→ **Record set**:
# # # # #

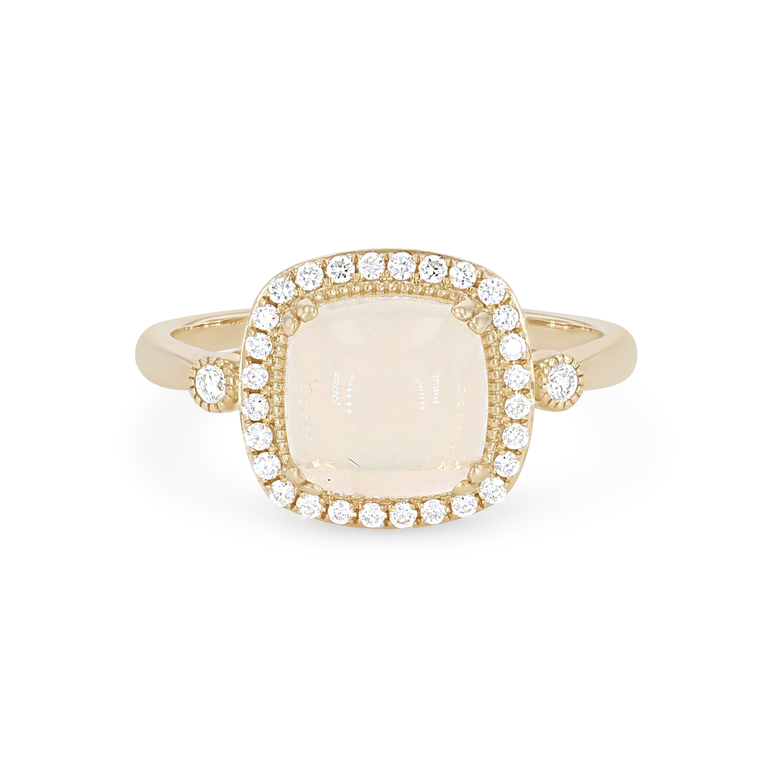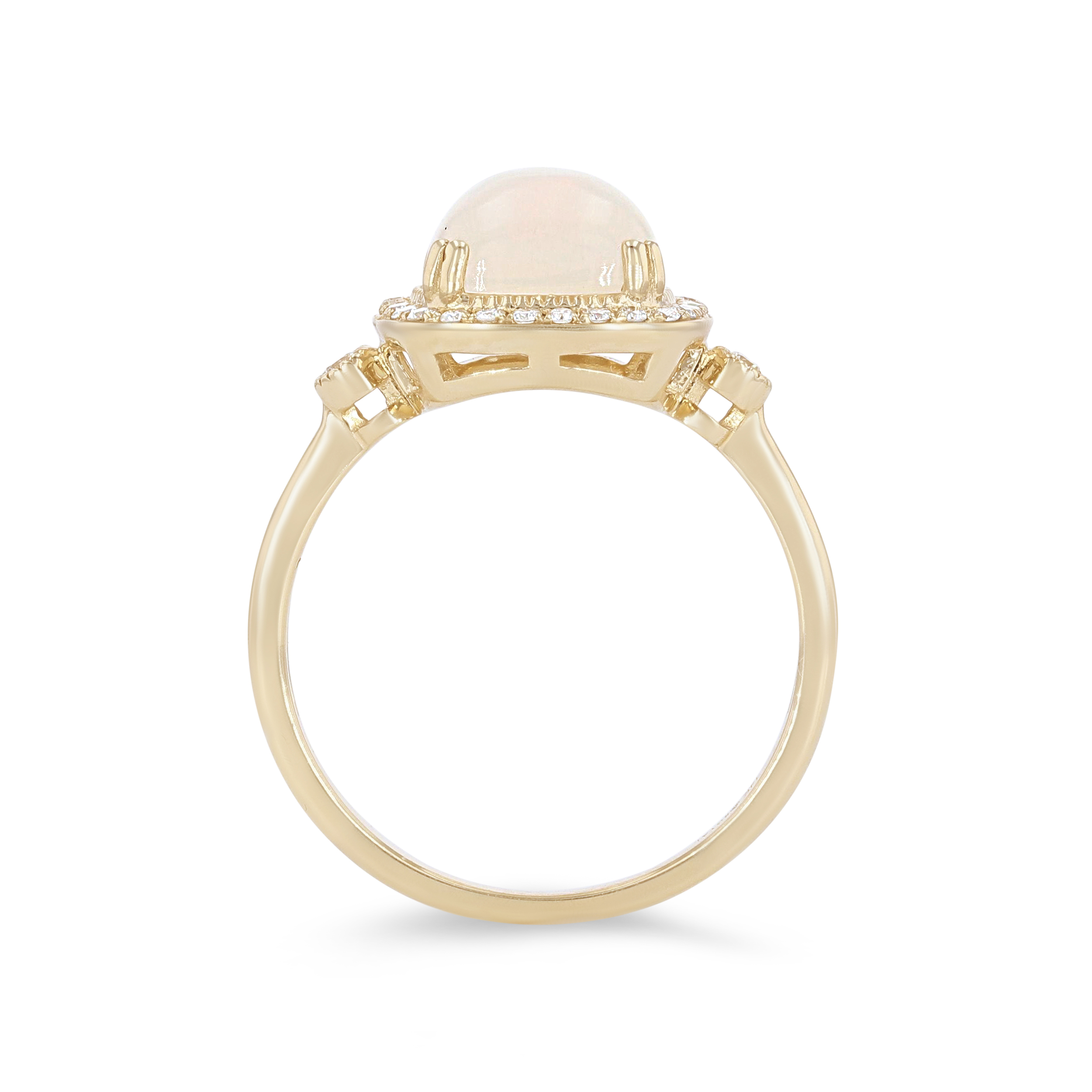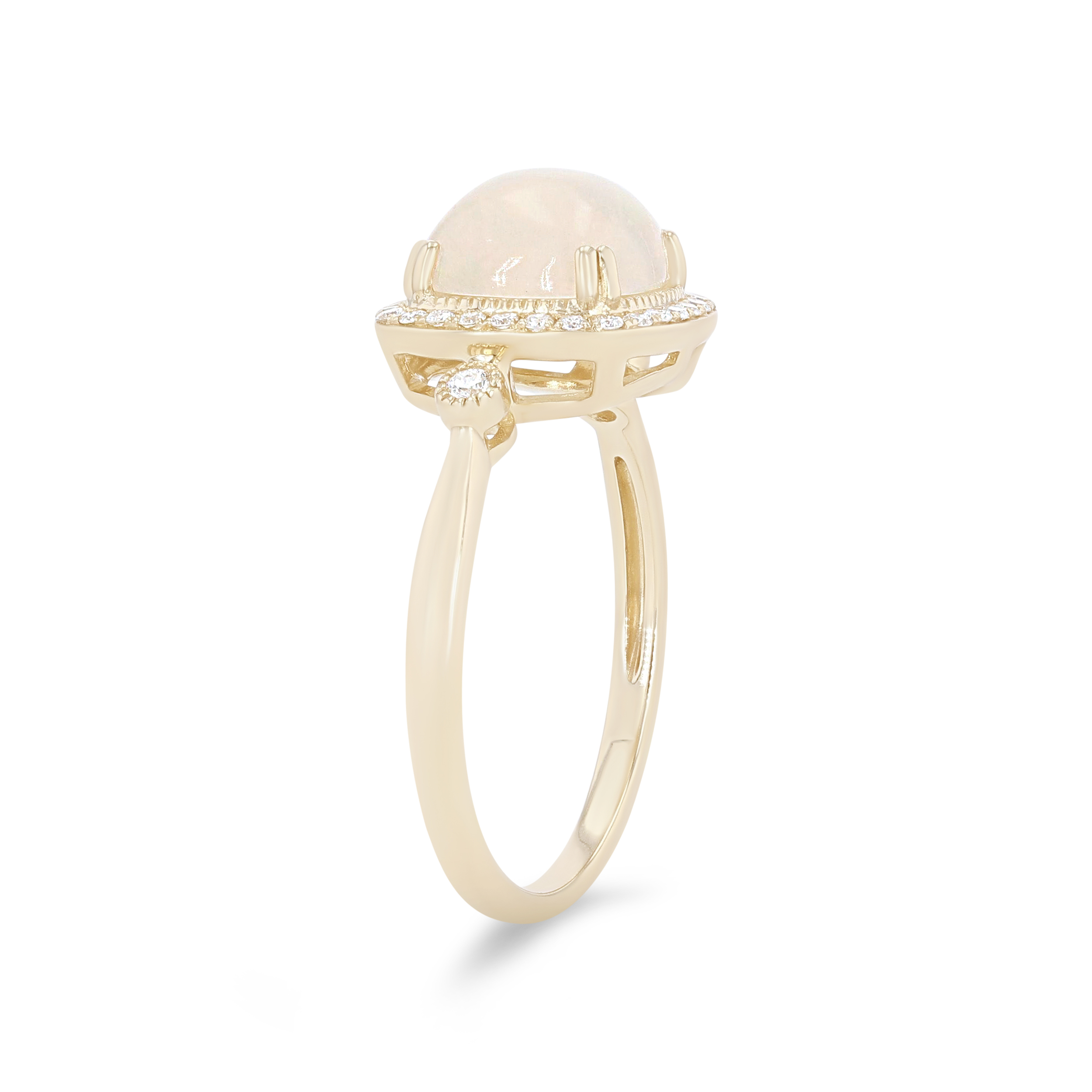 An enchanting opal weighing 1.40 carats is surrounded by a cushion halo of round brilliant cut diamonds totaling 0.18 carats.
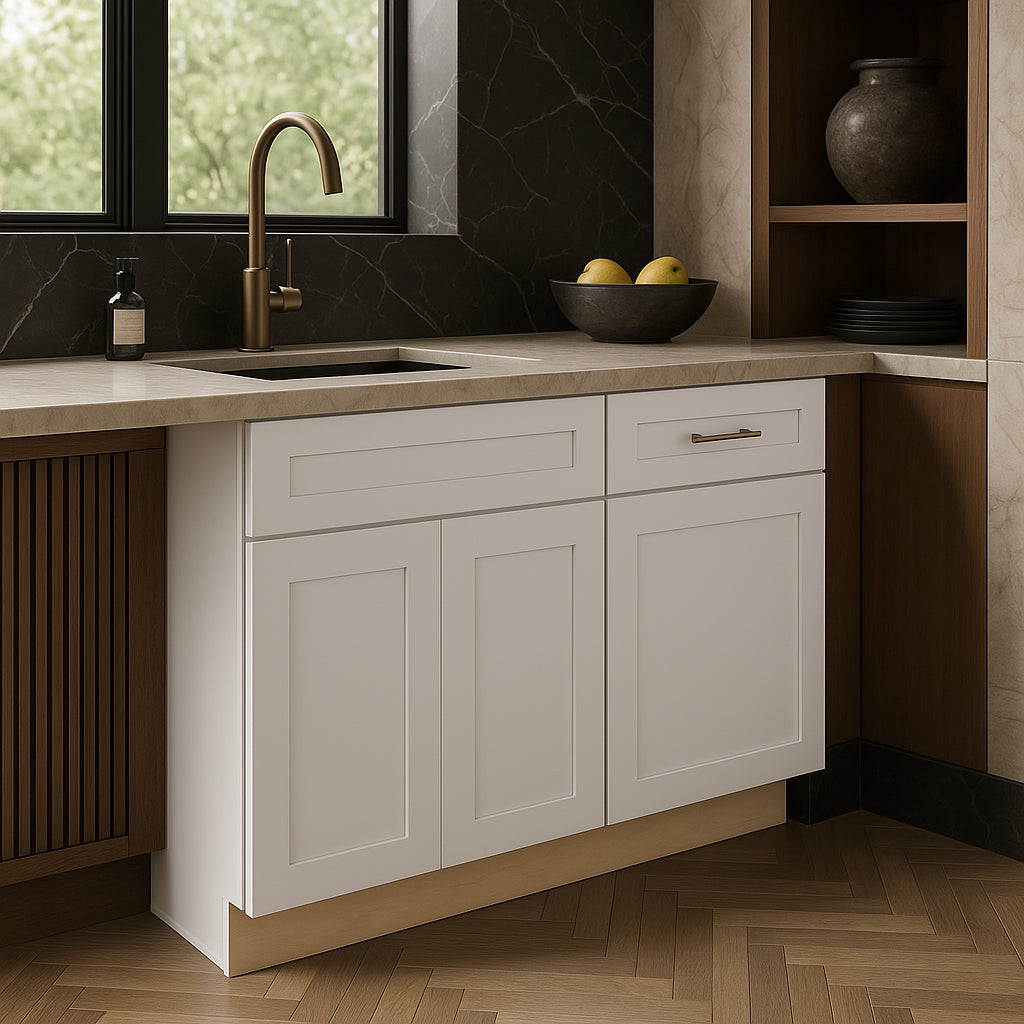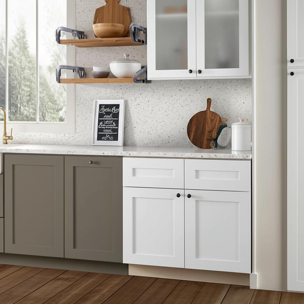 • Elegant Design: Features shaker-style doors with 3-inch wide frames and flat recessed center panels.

# # # # #

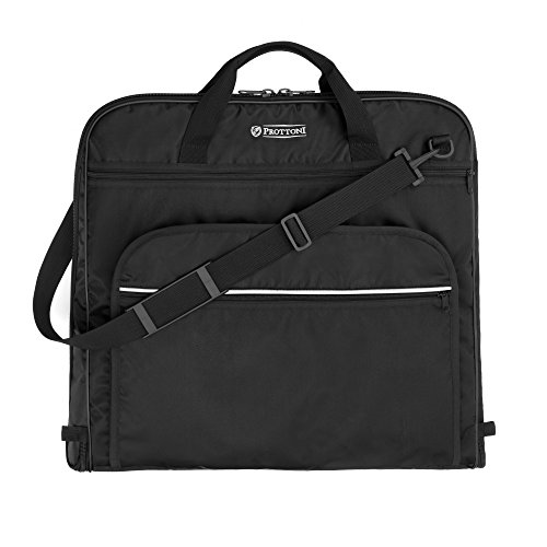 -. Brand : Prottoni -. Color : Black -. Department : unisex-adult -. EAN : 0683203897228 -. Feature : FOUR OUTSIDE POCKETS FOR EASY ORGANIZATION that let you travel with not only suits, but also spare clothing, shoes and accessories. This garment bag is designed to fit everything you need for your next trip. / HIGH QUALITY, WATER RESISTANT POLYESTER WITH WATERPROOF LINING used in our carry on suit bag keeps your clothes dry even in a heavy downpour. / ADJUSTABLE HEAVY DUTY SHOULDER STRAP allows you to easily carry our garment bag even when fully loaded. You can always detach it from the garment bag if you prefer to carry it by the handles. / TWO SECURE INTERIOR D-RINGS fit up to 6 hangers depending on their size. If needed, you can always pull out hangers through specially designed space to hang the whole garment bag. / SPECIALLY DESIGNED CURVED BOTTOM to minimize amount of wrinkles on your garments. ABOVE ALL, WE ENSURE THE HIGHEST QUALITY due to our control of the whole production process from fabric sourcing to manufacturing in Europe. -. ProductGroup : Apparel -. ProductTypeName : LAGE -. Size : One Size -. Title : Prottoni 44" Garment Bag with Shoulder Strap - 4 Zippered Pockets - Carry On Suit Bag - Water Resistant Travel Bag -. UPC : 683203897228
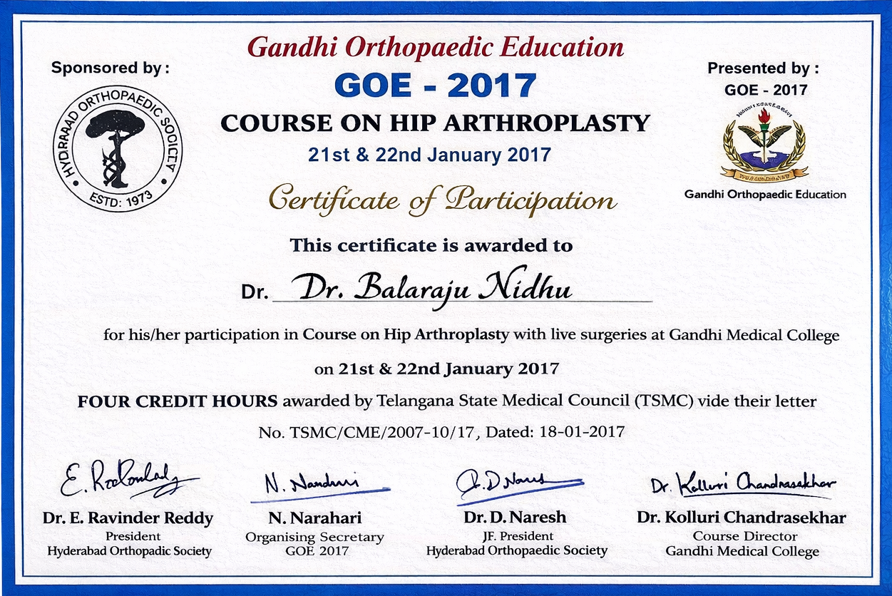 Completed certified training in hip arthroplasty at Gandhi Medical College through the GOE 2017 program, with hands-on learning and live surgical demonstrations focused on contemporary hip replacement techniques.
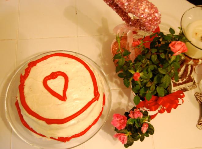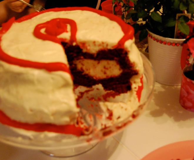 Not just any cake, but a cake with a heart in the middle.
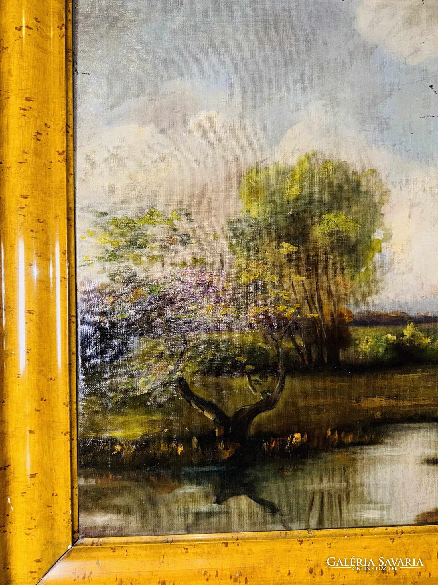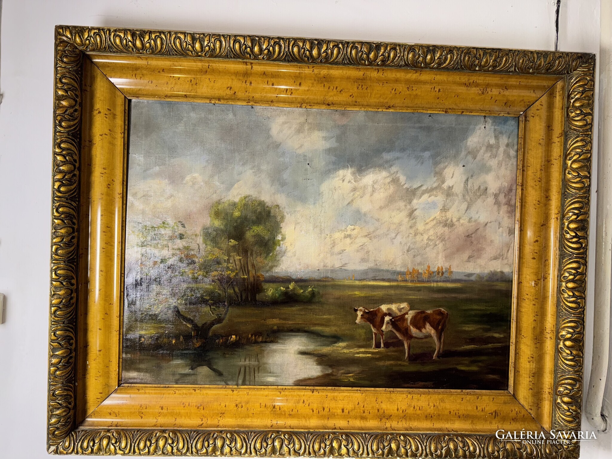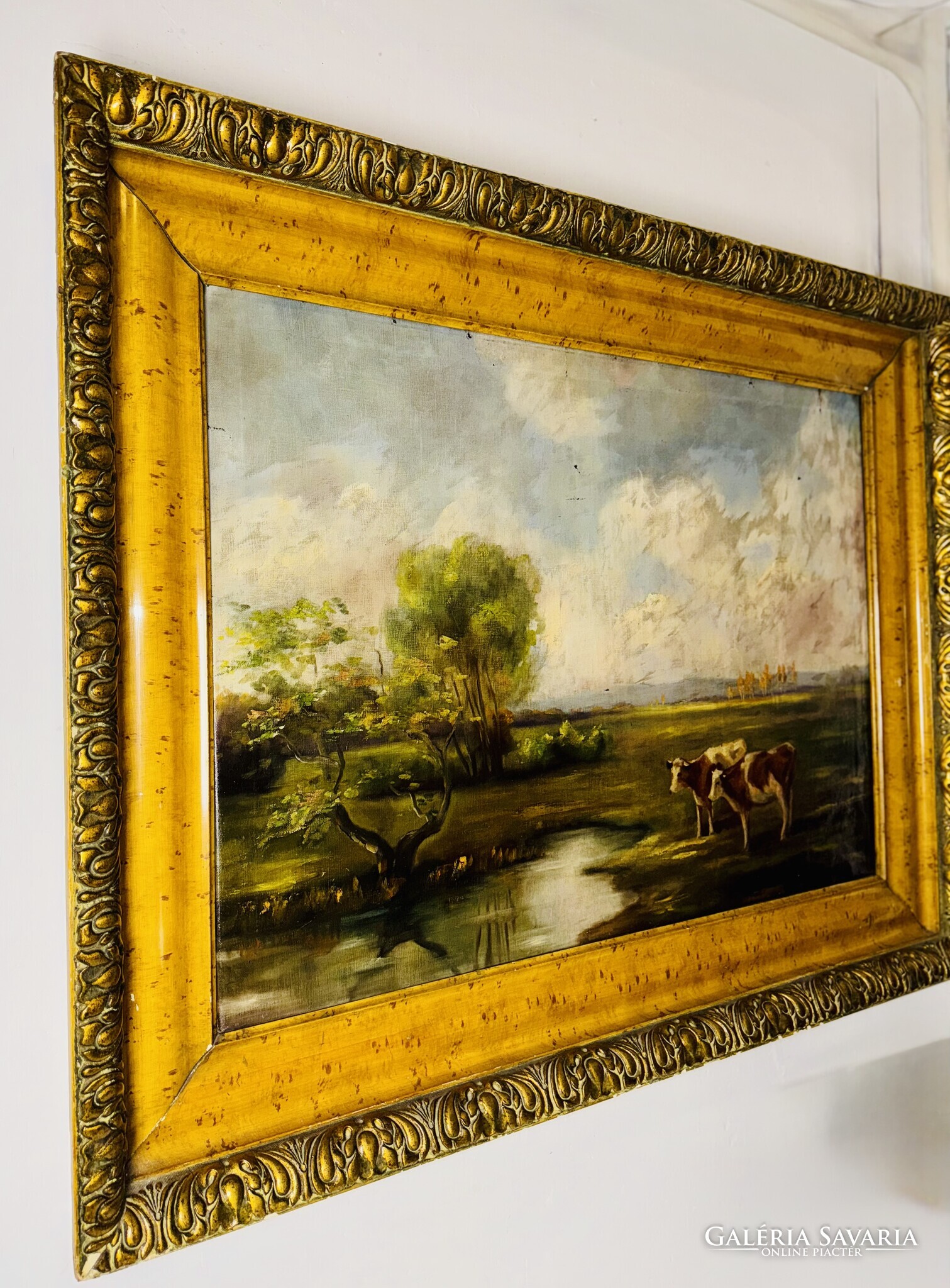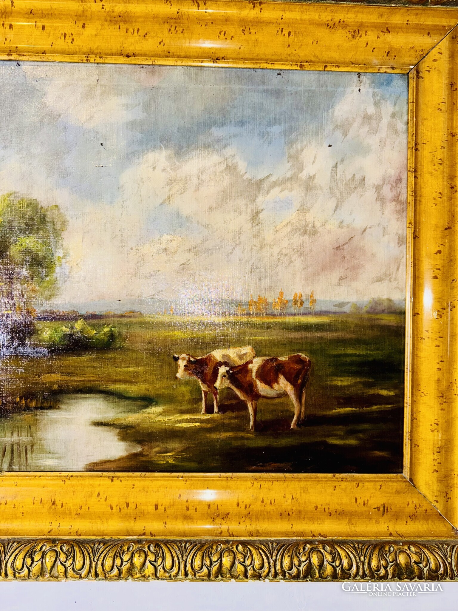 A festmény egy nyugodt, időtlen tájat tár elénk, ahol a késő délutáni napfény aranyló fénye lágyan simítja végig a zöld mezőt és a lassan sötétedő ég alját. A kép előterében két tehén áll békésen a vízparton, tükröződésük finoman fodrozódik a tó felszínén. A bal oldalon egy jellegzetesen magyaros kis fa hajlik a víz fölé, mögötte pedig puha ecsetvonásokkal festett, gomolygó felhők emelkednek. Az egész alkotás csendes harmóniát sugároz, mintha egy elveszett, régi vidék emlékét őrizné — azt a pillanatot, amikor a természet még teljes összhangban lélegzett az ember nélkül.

# # # # #

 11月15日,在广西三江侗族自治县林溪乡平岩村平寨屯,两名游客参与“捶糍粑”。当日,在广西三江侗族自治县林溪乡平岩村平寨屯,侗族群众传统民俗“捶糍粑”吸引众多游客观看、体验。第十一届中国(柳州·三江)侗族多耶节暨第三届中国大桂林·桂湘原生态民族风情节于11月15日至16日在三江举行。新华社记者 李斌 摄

# # # # #

→ **Task requirements**: Using the data above, print only the lines starting at the one with "Completed certified training" and ending at the one with "Not just any", exactly as they stand, minus the pictures.

→ **Task result**:
 Completed certified training in hip arthroplasty at Gandhi Medical College through the GOE 2017 program, with hands-on learning and live surgical demonstrations focused on contemporary hip replacement techniques.
 Not just any cake, but a cake with a heart in the middle.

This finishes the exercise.